How many months do you think I can use it to play latest title at low/med settings(I like games/plot not graphics )?

Which one would you prefer for gaming, Dell 7559 or GL552VW?


----------



## azvnoit (Apr 22, 2016)

For gaming definitely GL552VW is better. 
Comparing with Dell 7559 you get
- better display
- 7200RPM HDD 
- metal body
- core i7 6700hq
other specifications are almost identical.

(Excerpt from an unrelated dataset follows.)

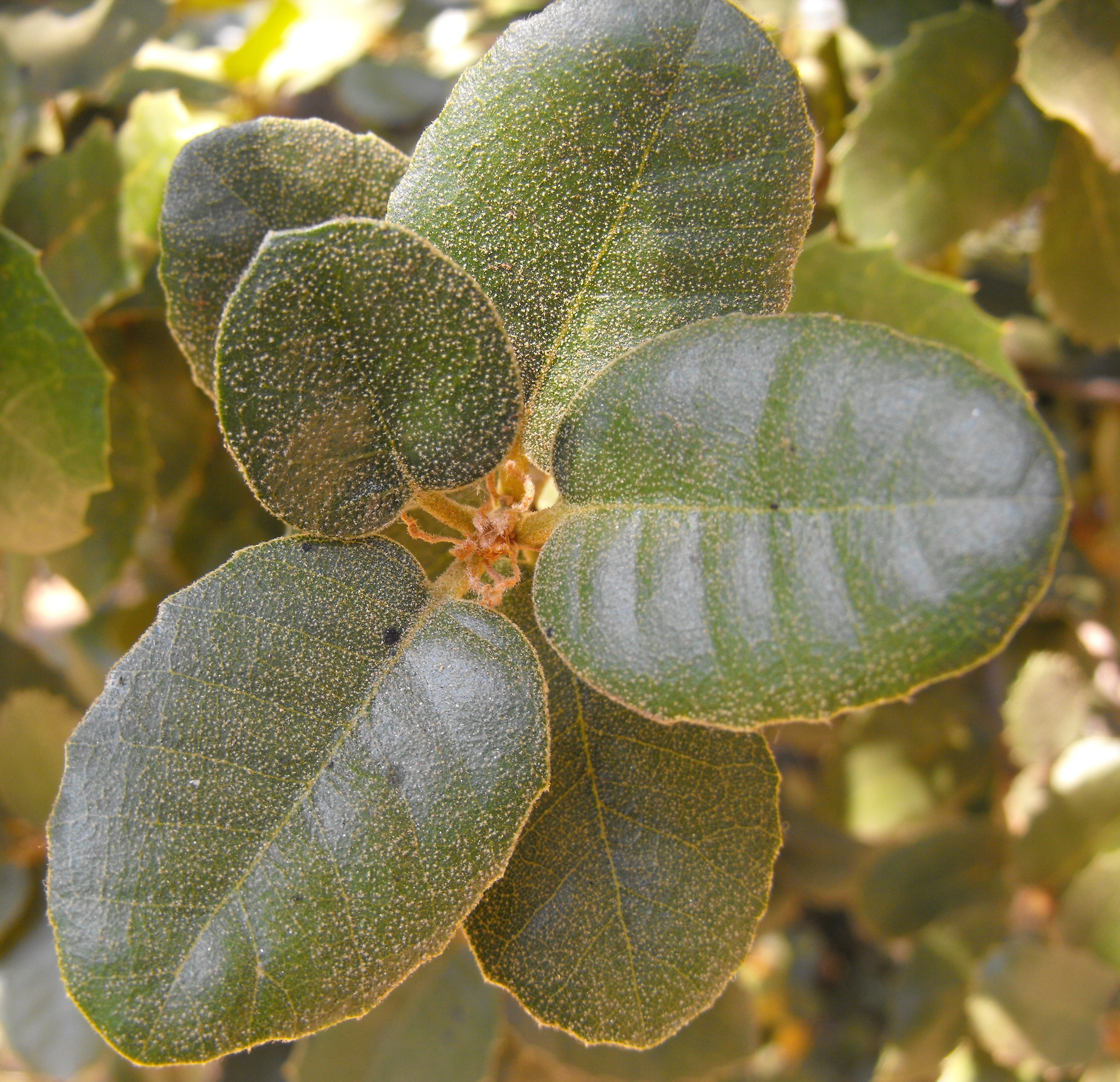 Quercus tomentella — Island oak, foliage close up. In the native plant gardens at the San Diego Zoo Safari Park, Escondido, California. Native and endemic to the Channel Islands of California.

6700hq was released just few months back, I think and 960M is ok-to-good GPU for a laptop. It will be fine for next 2 years easily.
If you are buying from US it might be even more cheaper.


----------



## abcxyz (Apr 22, 2016)

azvnoit said:


> For gaming definitely GL552VW is better.
> Comparing with Dell 7559 you get
> - better display
> - 7200RPM HDD
> ...



2years is what made me satisfied. I travel frequently so cant afford a PC.
Yes, it will be from US Amazon. Can we get any deal there as we get in India


----------



## abcxyz (Apr 24, 2016)

Which one should I take? 15 or 17 inches?

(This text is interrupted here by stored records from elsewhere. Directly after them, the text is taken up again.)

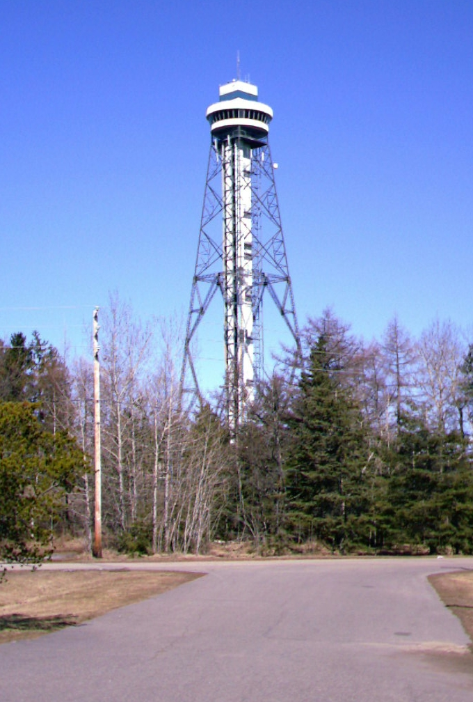 The observation tower at La Cité de l'Énergie, in Shawinigan, Quebec. Taken by uploader while on vacation.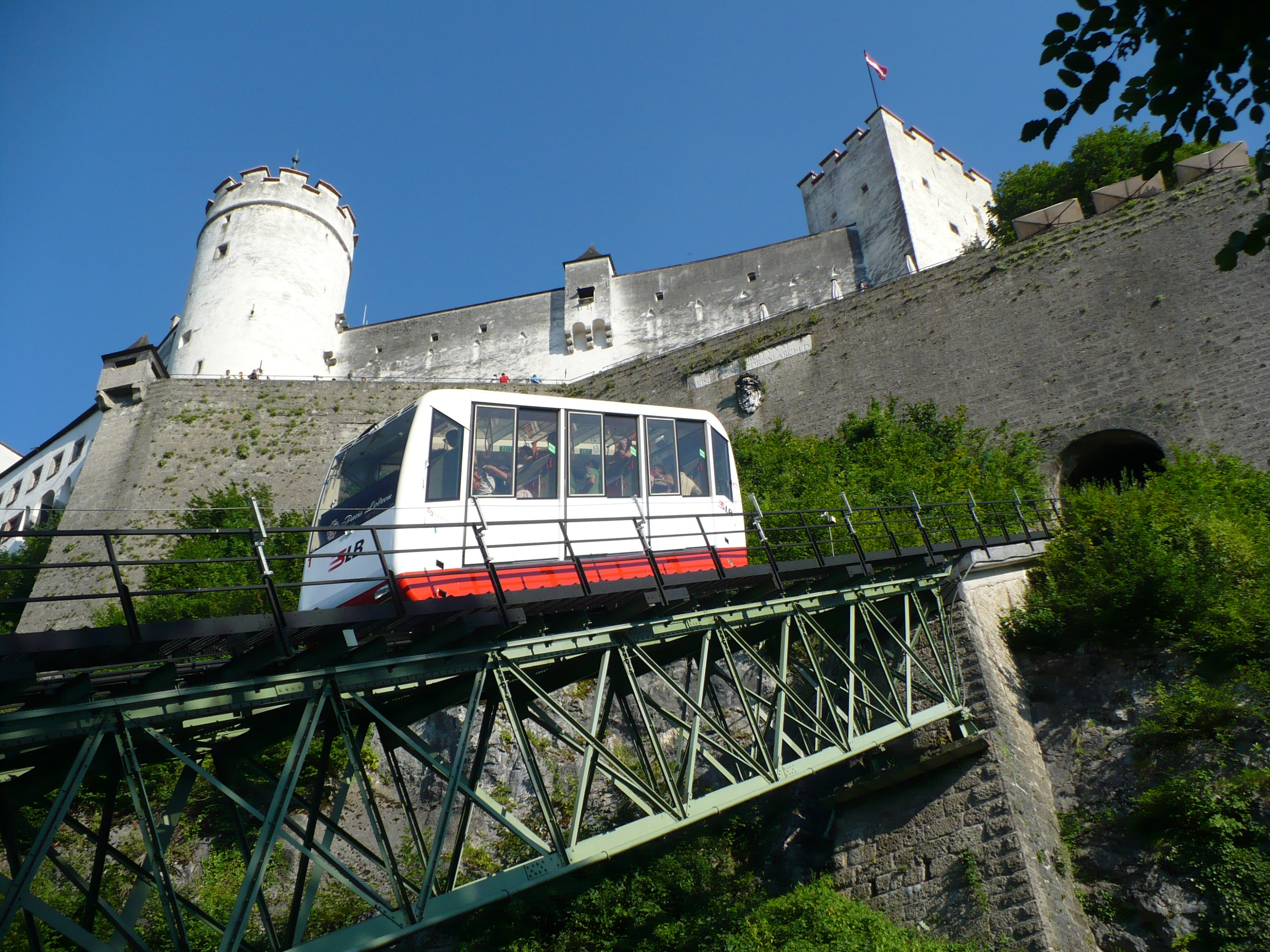 Car on the upper section of the Festungsbahn in Salzburg.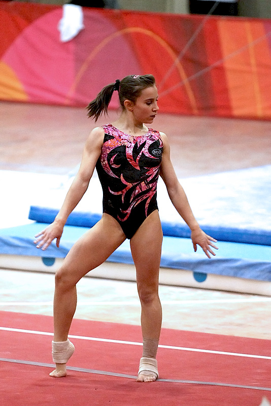 Erika Fasana, an Italian artistic gymnast, during a floor routine in 2010.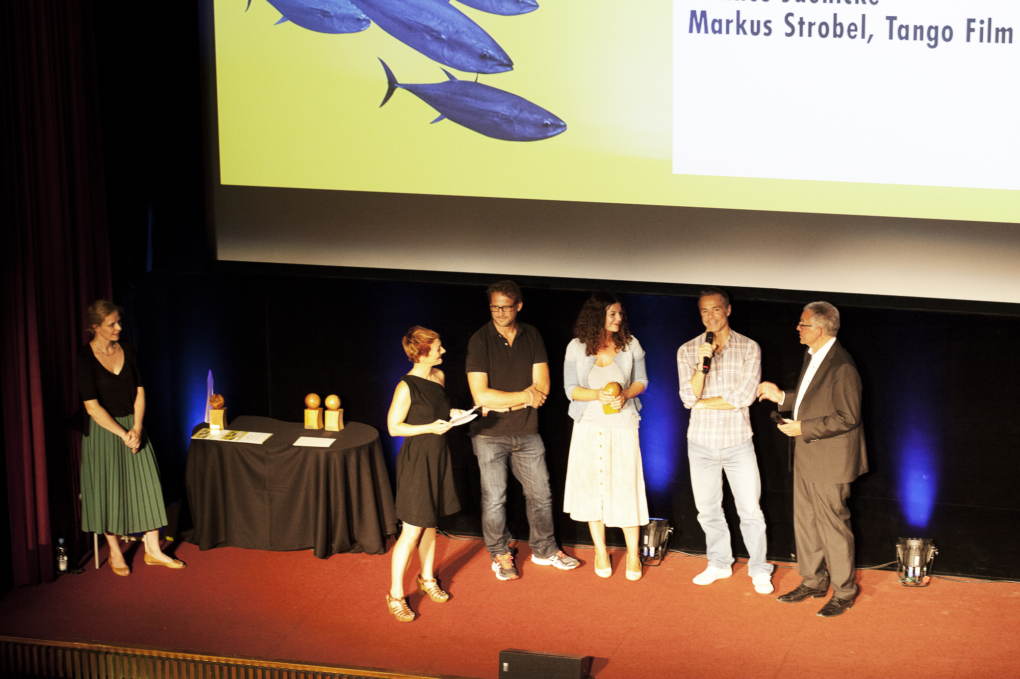 German actor Hannes Jaennicke and his team receive 2014's special NaturVision film award for their film on elephants and their slaughter for ivory in the series "Hannes Jaennicke im Einsatz für...".

Sent from my YU5010 using Tapatalk


----------



## raga8 (Apr 24, 2016)

both Dell nd Asus laptops are the 15.6 inches only


----------



## omega44-xt (Apr 25, 2016)

abcxyz said:


> Which one should I take? 15 or 17 inches?
> 
> Sent from my YU5010 using Tapatalk



Buy 17" GL752 if you want a bigger screen & bulkiness isn't a concern


----------



## abcxyz (Apr 26, 2016)

anupam_pb said:


> Buy 17" GL752 if you want a bigger screen & bulkiness isn't a concern


Weight is never a issue for me but I read that the battery life of GL752 is bad due to the screen. In the good side it has an wider at the bottom which is good it seems. 

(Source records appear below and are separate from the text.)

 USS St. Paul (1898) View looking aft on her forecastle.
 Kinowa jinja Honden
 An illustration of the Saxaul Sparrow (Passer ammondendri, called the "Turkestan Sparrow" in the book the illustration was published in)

I never bought laptops from abroad. If I get it from Amazon US. If within 6 months I get any issues with the laptop or dead on arrival laptop. Should I transport back the laptop to Amazon US for replacement or for repair?

Sent from my YU5010 using Tapatalk


----------



## raga8 (Apr 26, 2016)

Asus laptops comes with international warranty so u can repair ur laptops in Asus authorised services center in India


----------



## omega44-xt (Apr 26, 2016)

abcxyz said:


> Weight is never a issue for me but I read that the battery life of GL752 is bad due to the screen. In the good side it has an wider at the bottom which is good it seems.
> 
> I never bought laptops from abroad. If I get it from Amazon US. If within 6 months I get any issues with the laptop or dead on arrival laptop. Should I transport back the laptop to Amazon US for replacement or for repair?
> 
> Sent from my YU5010 using Tapatalk



1 more thing that you should consider is that GL552VW is officially available in India so if something goes wrong you can get it repaired quickly. But repair time would be long for GL752 as its parts might have to be imported


----------



## abcxyz (Apr 26, 2016)

anupam_pb said:


> 1 more thing that you should consider is that GL552VW is officially available in India so if something goes wrong you can get it repaired quickly. But repair time would be long for GL752 as its parts might have to be imported


Thanks for the info.


----------



## abcxyz (Apr 28, 2016)

Seems like none of my friends are traveling to India. So I'm thinking of shipping it.
I have looked upon Borderlinx.com and got an estimate shipping cost of USD 53.8 ~ INR 3590.43

So in total 959+54 = USD 1013 ~ INR 68000.

Is it still worth buying guys?


----------



## omega44-xt (Apr 28, 2016)

abcxyz said:


> Seems like none of my friends are traveling to India. So I'm thinking of shipping it.
> I have looked upon Borderlinx.com and got an estimate shipping cost of USD 53.8 ~ INR 3590.43
> 
> So in total 959+54 = USD 1013 ~ INR 68000.
> ...



I suppose you are buying GL552VW 

For 70k its good....  Just confirm with Asus about the international warranty 

But I personally don't think importing is so cheap. Someone from this forum paid ₹10000 for shipping + import duties on a $1000 laptop


----------



## invengene (Apr 28, 2016)

I paid around INR 11k customs for a $835 laptop (plus 108$ Fedex international priority shipping). Mine's the Dell I7559 Core i7 GTX 960m version.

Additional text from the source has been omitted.